- **INSTRUCTIONS TO FOLLOW**: Using the data below, show every line where the word "Alarm" occurs.

(SOURCE DATA Opens)

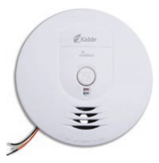
$59.99 ea. Kidde RF-SM-AC AC Hardwired Wireless Interconnect Smoke Alarm #66108

$42.99 ea. Kidde RF-SM-DC Battery Operated Wireless Interconnect Smoke Alarm #93637
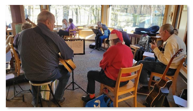
Participants in Acoustic Music Jam play during the annual Holiday Celebration Open House, December 2022.
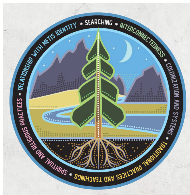
Figure 1 Health, spirituality and well-being in the Métis Nation of Alberta Region 3.

Your health and well-being are definitely connected; if you are not a healthy person, there's a good chance that things in your life are harder to do or to live with. As for the spirit, I don't believe in spirits or spirituality. I believe we are all of the universe, you are made of space dust you go back to space dust. And I suppose I find comfort in that. (Participant 74)
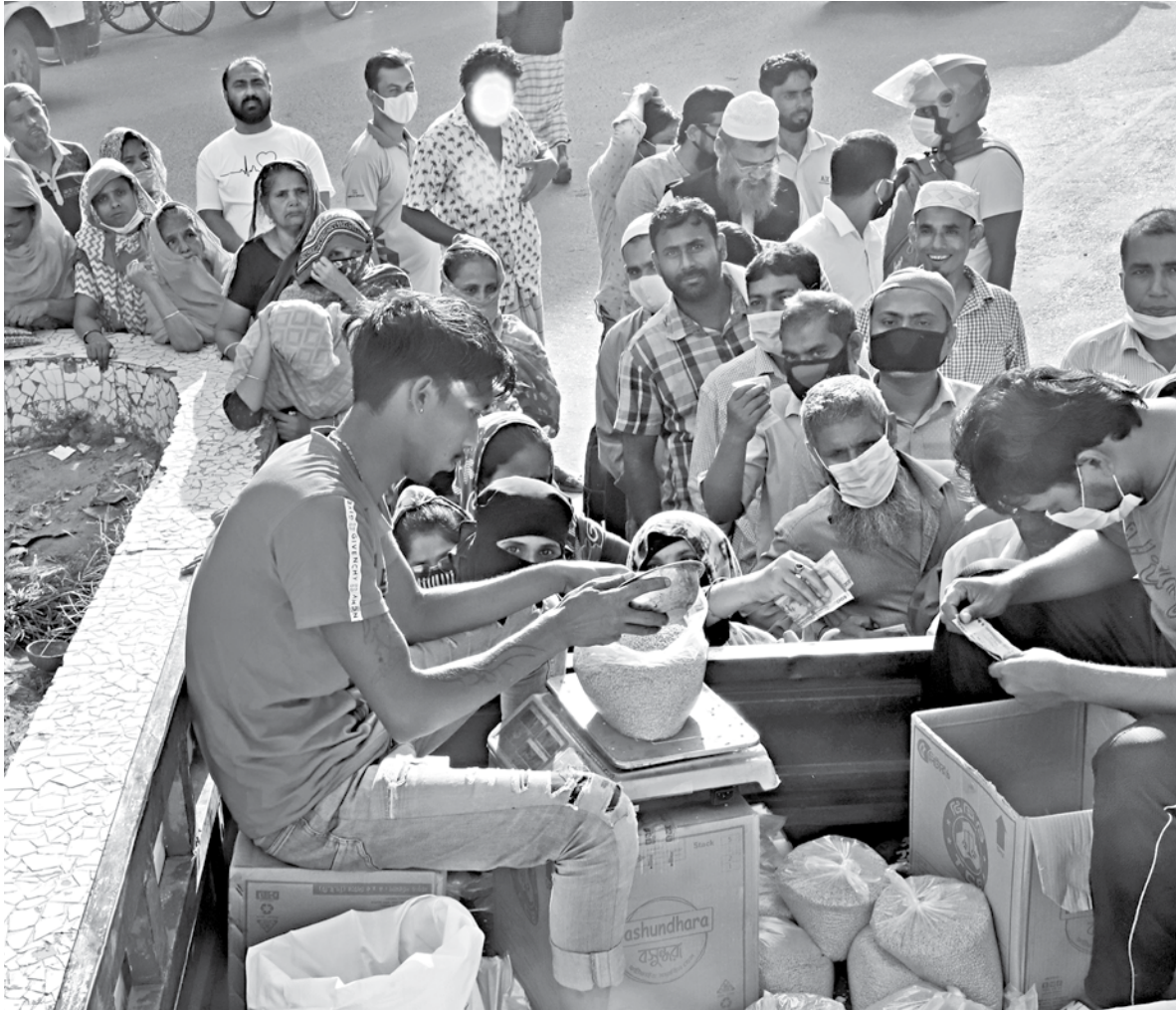
Buyers queue up to buy groceries from a Trading Corporation of Bangladesh (TCB) truck in the capital's Motijheel. The open market sales come at a cheaper price than market rates, but every buyer can also get only a fixed maximum amount. This is why staffers carefully weigh items such as lentils for each purchase. This photo was taken yesterday.

Law enforcers eventually brought the situation under control.

(SOURCE DATA Closes)

- **OUTPUT**:
$59.99 ea. Kidde RF-SM-AC AC Hardwired Wireless Interconnect Smoke Alarm #66108
$42.99 ea. Kidde RF-SM-DC Battery Operated Wireless Interconnect Smoke Alarm #93637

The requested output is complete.